Why hashed User IDs is not the solution to User ID enumeration (was: Re: Creating a key bearing no user ID)

Peter Lebbing peter at digitalbrains.com
Fri Jan 27 12:38:49 CET 2012


On 26/01/12 02:02, MFPA wrote:
> Definitely limited; I think of it as little more than a
> privacy-enhancing defence against casual snooping rather than a
> security measure. But is it really so marginal?

If you don't solve the key enumeration problem, it seems to me you're more
enhancing the feeling of privacy people have rather than actually enhancing
their privacy.

It does not really offer privacy, it just makes people think they have privacy.
That's not Pretty Good Privacy. It's more a request "please don't look here".
Which by the way makes people curious :).
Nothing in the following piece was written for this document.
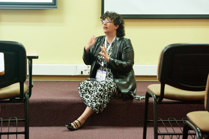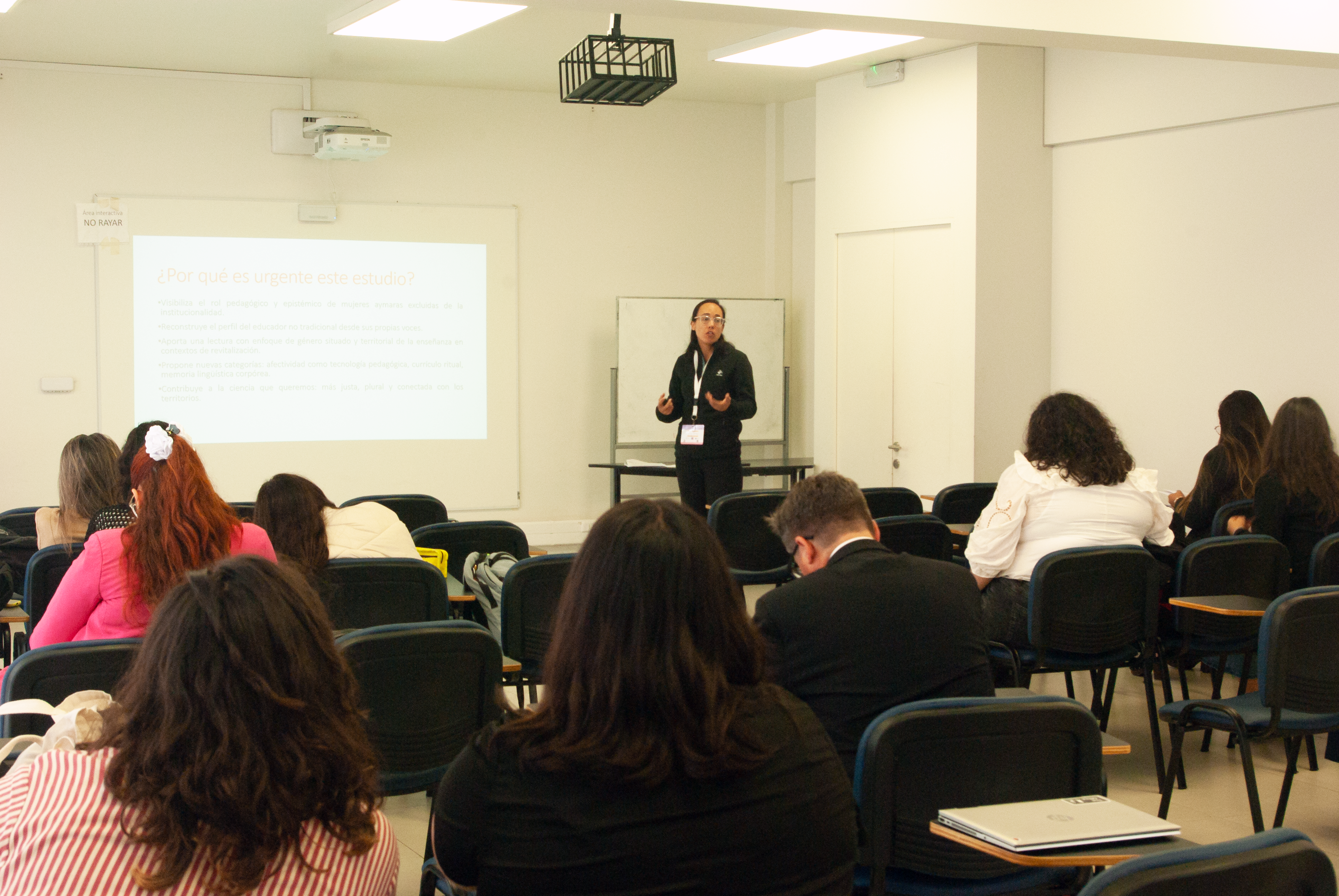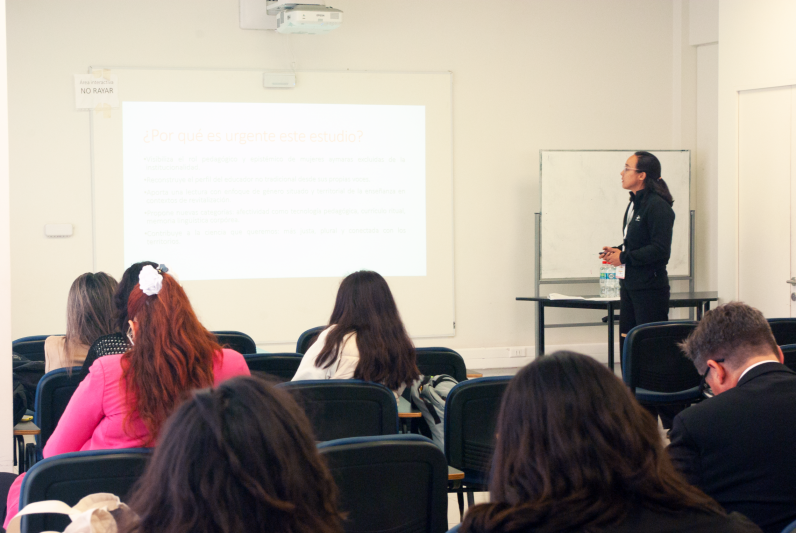 Hazel Barahona Gamboa, académica de Pedagogía en Lengua Castellana y Comunicación, presentó la ponencia titulada “Cuando la ciencia escucha a las sabias: educadoras no institucionales en nidos lingüísticos aymaras”, destacando la importancia de reconocer procesos educativos comunitarios y de revitalización lingüística.

And a curious person with a mean streak might sign a key with an obscured e-mail
address with a signature saying "this is the key for expires2012 at rocketmail.com"
}:-]. Which is verifiable by hashing the e-mail address. And once "keyserver
no-modify" is implemented, he'll create a website with a dump of all the
unobscured e-mail addresses, just because he can. He's like that once he sees
something that's obscured but not really blinded.

On the other hand, I think Hauke Laging's demands are met by the idea Daniel
Kahn Gillmor came up with.

Peter.

-- 
I use the GNU Privacy Guard (GnuPG) in combination with Enigmail.
You can send me encrypted mail if you want some privacy.